We’re generally set up for a one-person mix because that's just the nature of the work we do, but more and more we're getting asked to do indie features. That's usually a two-person mix, but since the S1 is modular, I can just add a couple more and we're ready to go.
How about the Focusrite RedNet R1 monitor controller?
The Focusrite RedNet equipment is incredible. We use it in a few of our rooms. It's so intuitive and easy to use that it's just a joy to work with. The R1 is super customizable, so each mixer can have their own setup for it. If you’re mixing in immersive formats and you want to hear how something is going to sound in stereo out of the TV, you can switch to the alternate monitors and listen straight away. We’ve tried a bunch of different monitor control solutions and this is by far the most well-integrated.
What about your monitoring? How did you end up choosing the Genelec 8351B and 8341A?
I've been using Genelecs since 2000 or 2001, so my ears are used to them. Now, Vaudeville Sound Group owns around 300 sets of Genelec speakers globally. They're the de facto speaker to use in the UK and Europe, so they followed us over here. Their colorless, precise replication of the sound source makes them the perfect tool in our mixing arsenal.
Especially as we work across our global network of facilities, using these speakers has been a game-changer. No matter if you are sitting in our Shoreditch, Vancouver, Burbank, or Culver City studios, the sound experience at Vaudeville is singular and totally interoperable.
From your point of view, what’s the state of the immersive audio market right now?
Spatial audio as a technology has reached unprecedented milestones in its evolution over the last few years, from its applications in movie theaters all the way to the now-ubiquitous small earbuds capable of fully head-tracked spatialization. The technology has come a long way, but the way we use it has not seen the same evolution.
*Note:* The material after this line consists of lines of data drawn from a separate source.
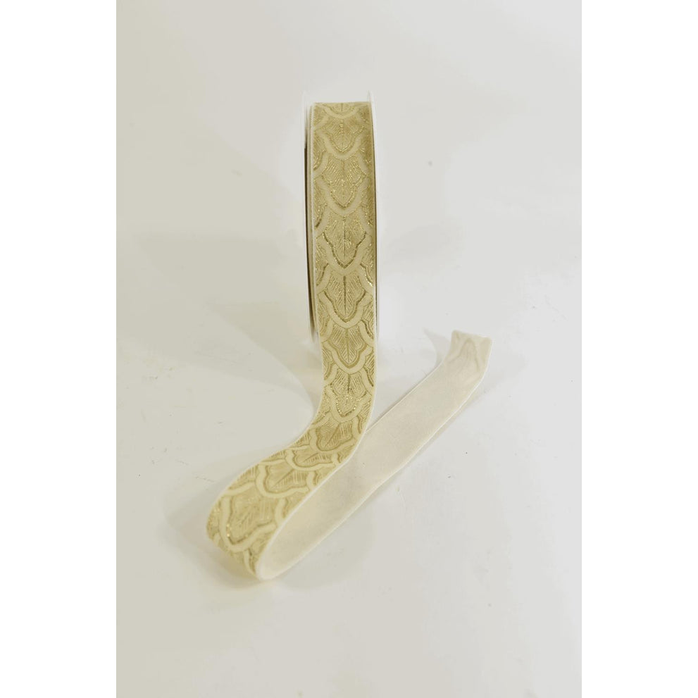 Fluwelen lint "Ornament" 25mm 6mtr cream/gold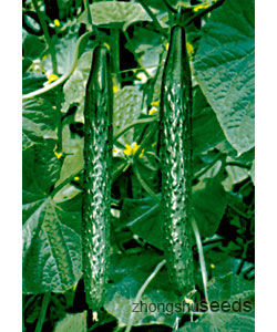 简介:特征特性。生长势强,第1雌花始于主蔓3--5节,每隔2--4节出现一雌花,前期主蔓结瓜,中后期以侧枝结瓜为主,雌花节多为双瓜。瓜短筒形,瓜色深绿一致,有光泽,无花纹,瓜把短,刺瘤稀,白刺,无棱。瓜长1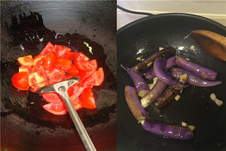 准备好食材之后,把茄子剥皮,然后切成块状放入盘子中,再把西红柿切成片状。把香油放入锅中炒热之后就可以先把茄子放入锅中翻炒几分钟,直至茄子的表皮发皱变黄后,再加入几个大蒜,这样可以使这道菜闻起来很香,翻炒几下之后就放入西红柿,然后加入料酒盐糖等之前准备好的调味品。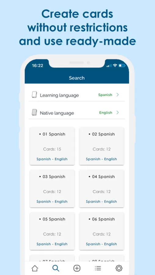 Create your own flashcard sets or use ready-made ones with conversational phrases in many popular languages.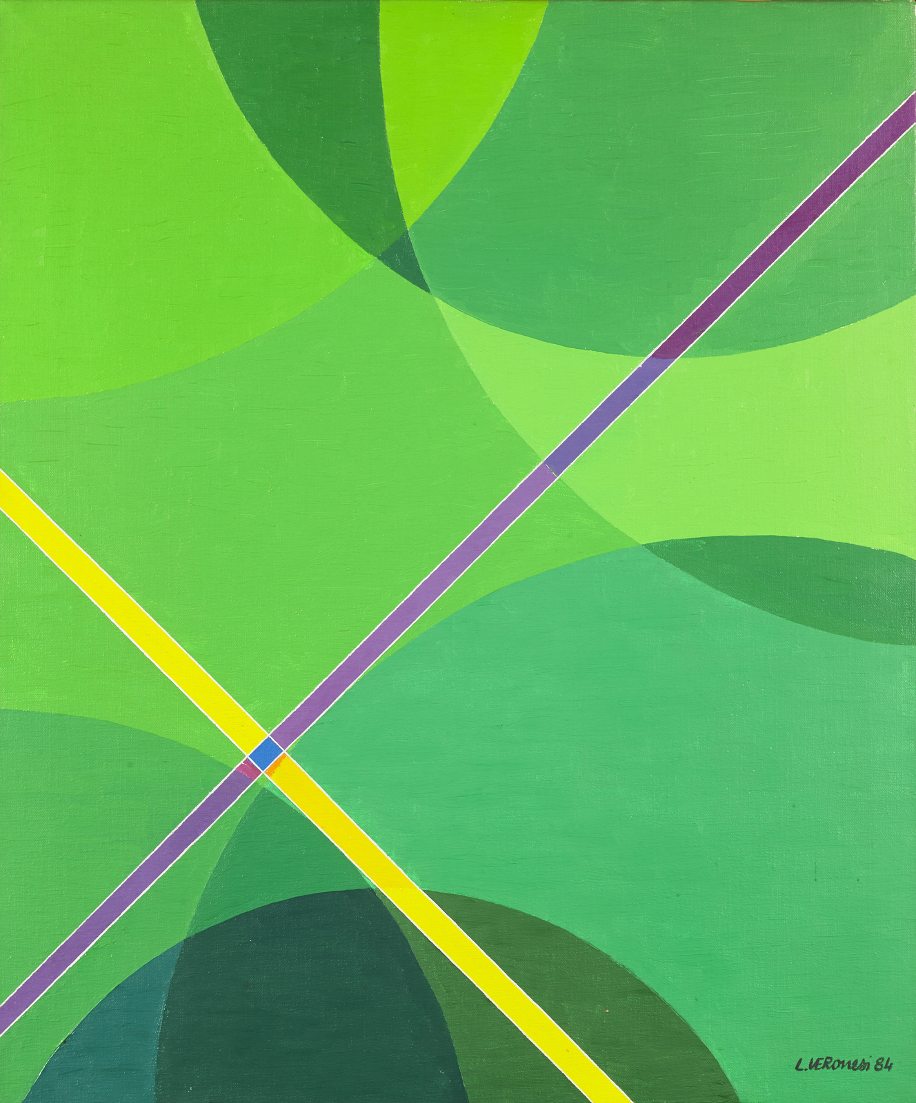 VERONESI LUIGI (1908 - 1998) Composizione. 1984. Tecnica mista su tela. Cm 60,00 x 50,00. Firma e anno in basso a destra. Al retro titolo, firma e anno.

A lot of people and companies just don't understand it yet, so there's still a lot of client and brand education to really show people how amazing these technologies are. Immersive audio can offer stories and characters a completely new creative avenue for directors and brands—a completely new space and dimension to explore and create with. We’re going to brands and clients to showcase the work we have done here to get people inspired to think differently about their work from the concept stages. It's a really exciting time and it’s been so great to see how people are responding to our work.
We are really expanding the possibilities and engaging with our clients on larger concepts and ideas in this kind of experiential and immersive world so that it's not just a handful of streamers like Netflix, HBO, and Apple doing it. It’s one of the main reasons we have designed these spaces in our studios the way we have.
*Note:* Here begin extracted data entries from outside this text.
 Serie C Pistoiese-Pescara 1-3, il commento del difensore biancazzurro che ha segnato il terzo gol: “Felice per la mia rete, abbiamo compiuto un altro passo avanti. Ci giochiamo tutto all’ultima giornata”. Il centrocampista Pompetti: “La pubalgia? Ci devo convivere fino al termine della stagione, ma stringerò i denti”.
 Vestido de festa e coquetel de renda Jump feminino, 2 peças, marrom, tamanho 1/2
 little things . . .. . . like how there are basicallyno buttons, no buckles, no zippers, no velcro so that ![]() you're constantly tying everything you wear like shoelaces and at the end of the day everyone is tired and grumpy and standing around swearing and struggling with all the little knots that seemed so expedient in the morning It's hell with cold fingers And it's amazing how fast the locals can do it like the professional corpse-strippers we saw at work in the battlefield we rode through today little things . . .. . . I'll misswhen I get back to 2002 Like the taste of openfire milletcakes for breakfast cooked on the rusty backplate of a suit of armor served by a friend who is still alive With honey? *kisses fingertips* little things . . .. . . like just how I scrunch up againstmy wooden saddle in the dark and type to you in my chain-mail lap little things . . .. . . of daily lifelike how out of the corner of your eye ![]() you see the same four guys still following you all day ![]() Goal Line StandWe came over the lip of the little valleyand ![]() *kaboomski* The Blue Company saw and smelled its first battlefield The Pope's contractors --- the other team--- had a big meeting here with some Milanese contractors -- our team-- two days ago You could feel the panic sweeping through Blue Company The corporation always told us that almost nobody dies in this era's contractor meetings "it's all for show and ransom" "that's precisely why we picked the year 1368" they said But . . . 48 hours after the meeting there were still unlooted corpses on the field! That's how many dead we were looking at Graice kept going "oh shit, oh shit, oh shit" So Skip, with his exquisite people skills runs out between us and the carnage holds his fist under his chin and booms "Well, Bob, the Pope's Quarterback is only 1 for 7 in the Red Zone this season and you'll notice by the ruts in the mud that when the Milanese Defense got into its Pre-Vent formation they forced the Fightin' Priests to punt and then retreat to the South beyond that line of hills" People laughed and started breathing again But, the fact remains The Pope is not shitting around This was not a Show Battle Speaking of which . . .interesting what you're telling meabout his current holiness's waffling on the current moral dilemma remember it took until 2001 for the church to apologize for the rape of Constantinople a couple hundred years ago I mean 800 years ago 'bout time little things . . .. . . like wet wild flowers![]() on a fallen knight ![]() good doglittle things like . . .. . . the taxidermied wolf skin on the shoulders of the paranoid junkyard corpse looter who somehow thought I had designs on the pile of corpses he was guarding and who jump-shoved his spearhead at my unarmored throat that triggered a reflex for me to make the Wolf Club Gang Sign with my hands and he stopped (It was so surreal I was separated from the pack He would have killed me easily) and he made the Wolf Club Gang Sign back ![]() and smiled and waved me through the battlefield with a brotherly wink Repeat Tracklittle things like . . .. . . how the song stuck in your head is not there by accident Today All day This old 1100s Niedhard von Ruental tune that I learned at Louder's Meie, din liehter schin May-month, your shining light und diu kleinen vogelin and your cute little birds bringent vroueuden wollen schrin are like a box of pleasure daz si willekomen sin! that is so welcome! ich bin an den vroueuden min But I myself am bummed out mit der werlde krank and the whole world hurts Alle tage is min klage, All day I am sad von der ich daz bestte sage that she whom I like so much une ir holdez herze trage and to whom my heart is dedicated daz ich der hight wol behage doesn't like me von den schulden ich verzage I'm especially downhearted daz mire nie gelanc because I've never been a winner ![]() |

What are some recent and upcoming projects you’re excited about?
On the immersive side, we just launched that huge spatial audio asset library for Shutterstock, and we're expanding this work across other media types including spatial computing entertainment and gaming applications. It was such a great project to work on and it really enabled us to grow our team to include field recordists and sound designers who specialize in native 3D approaches to sound capture and design.
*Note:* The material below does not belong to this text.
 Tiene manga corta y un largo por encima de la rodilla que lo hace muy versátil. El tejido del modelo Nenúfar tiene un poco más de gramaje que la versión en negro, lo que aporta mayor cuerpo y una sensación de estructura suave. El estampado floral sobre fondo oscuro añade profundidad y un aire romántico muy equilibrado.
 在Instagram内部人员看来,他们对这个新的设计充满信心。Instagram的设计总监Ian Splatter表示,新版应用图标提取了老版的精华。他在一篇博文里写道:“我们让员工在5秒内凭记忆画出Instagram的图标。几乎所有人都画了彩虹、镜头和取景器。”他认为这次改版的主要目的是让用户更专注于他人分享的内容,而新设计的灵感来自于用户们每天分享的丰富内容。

We are partnering with a bunch of brands in the immersive audio space, including Dolby and Genelec, to showcase the amazing tech they develop. We also have a few really exciting product launch partnerships we are working on but can’t talk much about, so stay tuned. The future of immersive sound is super exciting!
We also have a huge amount of content to mix throughout the rest of 2023 and well into 2024. There's a really big Netflix project that we are about to start on, some big video game titles, incredible branded and commercial work, some really cool experiential projects, and a 360 dome experience. It's exciting to come to work every day!